Strategies and Applications

      As English learners begin to develop language skills in listening, speaking, and reading, they also need to develop writing skills. Linguistic studies note that English learners will transfer language skills from their primary language to English (Odlin 1989), especially if similarities between English and the primary language exist and if students are substantially literate in their primary language. Research also indicates that integrating the four language skills (reading, writing, speaking, and listening) is crucial for English learners to develop the ability to write effectively (Mangeldorf 1989).

      Reading is particularly important because it provides English learners with opportunities to acquire grammar, expand vocabulary, gain increasing fluency with written texts, and improve speaking skills (Interactive Approaches to Second Language Reading 1988). Reading provides students with model sentence patterns and linguistic structures. However, improved writing does not necessarily follow from reading. For English learners to apply their knowledge of sentence patterns and linguistic structures, they must put into practice what they observe from reading by engaging in various types of writing. If these students are to become successful users of English, their integrated instructional program must include numerous opportunities to develop writing skills.

      Because English learners working at the advanced level of the ELD standards are also expected to demonstrate proficiency in the language arts standards, it is essential for teachers to use the two standards documents concurrently and to monitor students’ progress on both sets of standards.

English-Language Conventions

      The ELD standards identify the stages that English learners must pass through to use the conventions of English effectively in writing.
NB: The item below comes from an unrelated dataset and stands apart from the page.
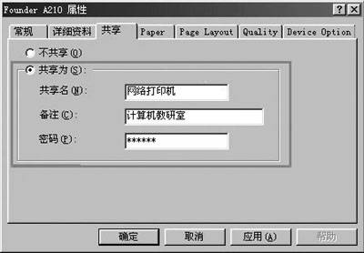 在主机上安装打印机(笔者使用的是Founder A210激光打印机)。打开“我的电脑”下的“打印机”或点击“开始→设置→打印机”,鼠标右键单击已安装好的“Founder A210”,在弹出的菜单中选择“共享”,进入“Founder A210”属性对话框中的“共享”选项卡,设置如图1所示。其中密码项是为了保证不让非法用户使用此打印机而设置的,先点击“应用”,再点击“确定”按钮。

Depending on the degree to which their primary language differs from English in its written form and the degree to which students are already proficient writers in their primary language, English learners face unique challenges as they work to successfully use the conventions of written English.

            At all ELD proficiency levels, English learners are to produce writing that includes correct capitalization, punctuation, and spelling of words appropriate to the students’ developing fluency in English. By the advanced level, the students are to demonstrate proficiency in both the ELD and the language arts standards for their current grade level and for all prior grade levels.